··· Data extract

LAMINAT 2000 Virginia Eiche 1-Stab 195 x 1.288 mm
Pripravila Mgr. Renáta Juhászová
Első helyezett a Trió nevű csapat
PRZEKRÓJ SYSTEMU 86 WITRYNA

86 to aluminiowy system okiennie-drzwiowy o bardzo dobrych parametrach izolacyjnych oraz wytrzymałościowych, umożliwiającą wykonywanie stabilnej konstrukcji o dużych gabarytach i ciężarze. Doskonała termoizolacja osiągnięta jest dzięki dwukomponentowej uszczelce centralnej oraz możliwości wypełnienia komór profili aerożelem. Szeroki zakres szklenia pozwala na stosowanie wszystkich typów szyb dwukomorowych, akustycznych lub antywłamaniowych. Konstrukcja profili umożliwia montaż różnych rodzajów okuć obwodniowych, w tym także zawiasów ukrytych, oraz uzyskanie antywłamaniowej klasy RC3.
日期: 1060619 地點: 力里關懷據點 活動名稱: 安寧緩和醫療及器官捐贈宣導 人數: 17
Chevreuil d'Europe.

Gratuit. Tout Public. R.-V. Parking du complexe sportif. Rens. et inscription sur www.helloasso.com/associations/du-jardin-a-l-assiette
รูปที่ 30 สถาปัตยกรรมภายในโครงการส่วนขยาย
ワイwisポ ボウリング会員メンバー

······
··· Data extract

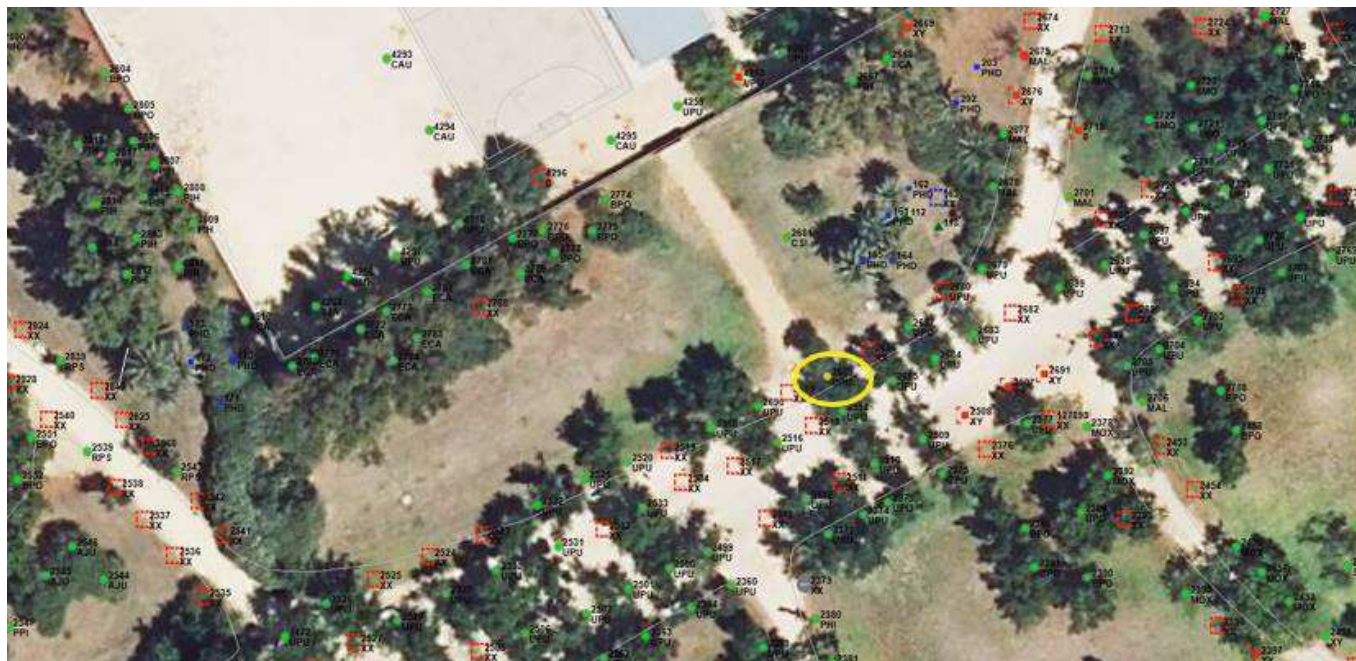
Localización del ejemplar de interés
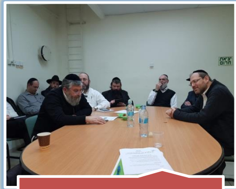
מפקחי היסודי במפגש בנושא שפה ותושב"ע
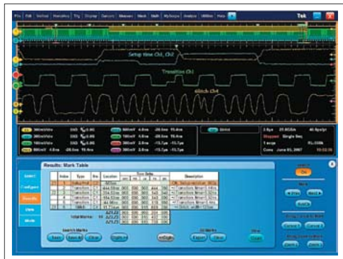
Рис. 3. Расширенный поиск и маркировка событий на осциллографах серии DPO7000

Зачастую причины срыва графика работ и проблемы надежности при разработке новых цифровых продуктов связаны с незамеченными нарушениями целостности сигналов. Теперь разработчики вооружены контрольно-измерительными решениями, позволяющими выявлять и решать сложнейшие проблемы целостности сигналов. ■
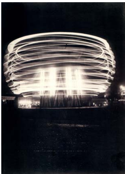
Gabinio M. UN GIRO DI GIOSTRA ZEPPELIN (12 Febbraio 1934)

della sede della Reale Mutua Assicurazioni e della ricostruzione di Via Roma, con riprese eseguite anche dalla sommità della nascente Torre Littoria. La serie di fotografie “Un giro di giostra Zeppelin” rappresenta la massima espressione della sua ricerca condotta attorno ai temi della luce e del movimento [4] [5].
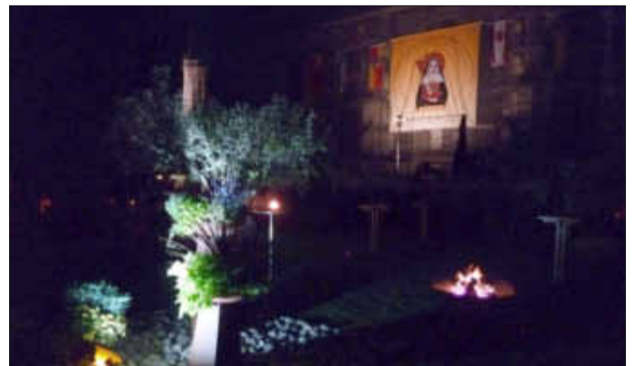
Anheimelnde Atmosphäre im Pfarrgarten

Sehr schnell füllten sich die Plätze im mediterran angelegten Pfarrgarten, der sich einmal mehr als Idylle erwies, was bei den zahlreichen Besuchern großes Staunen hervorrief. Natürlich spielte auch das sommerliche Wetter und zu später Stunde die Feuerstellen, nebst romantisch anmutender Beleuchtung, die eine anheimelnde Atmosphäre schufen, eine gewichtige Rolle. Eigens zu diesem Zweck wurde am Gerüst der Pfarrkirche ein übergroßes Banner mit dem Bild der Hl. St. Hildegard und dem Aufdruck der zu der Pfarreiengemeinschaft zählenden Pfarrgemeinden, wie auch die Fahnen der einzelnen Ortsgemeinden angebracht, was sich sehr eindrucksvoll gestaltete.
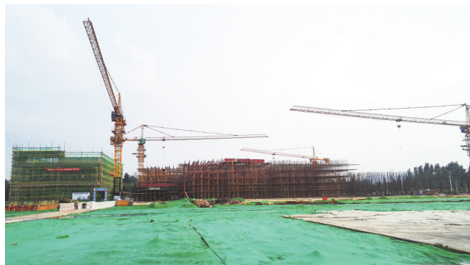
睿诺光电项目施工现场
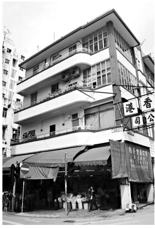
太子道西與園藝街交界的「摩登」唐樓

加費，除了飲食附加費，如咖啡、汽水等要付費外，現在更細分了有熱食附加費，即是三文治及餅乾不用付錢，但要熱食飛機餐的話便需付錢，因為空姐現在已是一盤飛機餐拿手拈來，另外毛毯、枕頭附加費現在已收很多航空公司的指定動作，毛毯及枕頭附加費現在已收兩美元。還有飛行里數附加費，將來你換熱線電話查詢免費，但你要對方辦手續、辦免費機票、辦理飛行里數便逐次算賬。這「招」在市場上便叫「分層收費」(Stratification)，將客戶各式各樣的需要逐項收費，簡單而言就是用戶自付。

······
··· Data extract

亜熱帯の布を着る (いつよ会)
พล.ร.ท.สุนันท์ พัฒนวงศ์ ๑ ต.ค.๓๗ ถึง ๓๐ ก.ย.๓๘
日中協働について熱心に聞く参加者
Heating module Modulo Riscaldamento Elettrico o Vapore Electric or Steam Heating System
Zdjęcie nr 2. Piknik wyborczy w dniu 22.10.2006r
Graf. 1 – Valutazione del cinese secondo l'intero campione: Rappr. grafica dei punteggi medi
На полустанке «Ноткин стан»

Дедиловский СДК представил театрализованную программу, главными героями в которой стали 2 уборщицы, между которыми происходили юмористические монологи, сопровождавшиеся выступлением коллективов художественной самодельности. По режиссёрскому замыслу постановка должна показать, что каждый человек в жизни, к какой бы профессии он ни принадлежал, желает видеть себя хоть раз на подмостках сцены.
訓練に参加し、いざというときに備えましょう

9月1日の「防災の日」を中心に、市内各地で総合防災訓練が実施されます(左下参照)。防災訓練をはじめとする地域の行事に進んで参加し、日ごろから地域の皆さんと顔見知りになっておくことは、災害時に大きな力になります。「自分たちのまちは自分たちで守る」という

······

--- Exercise directions ---
The answer is the lines above between the line holding "LAMINAT 2000 Virginia" and the line holding "PRZEKRÓJ SYSTEMU 86 WITRYNA", inclusive, each written out exactly, and no others.

--- Answer section ---
LAMINAT 2000 Virginia Eiche 1-Stab 195 x 1.288 mm
Pripravila Mgr. Renáta Juhászová
Első helyezett a Trió nevű csapat
PRZEKRÓJ SYSTEMU 86 WITRYNA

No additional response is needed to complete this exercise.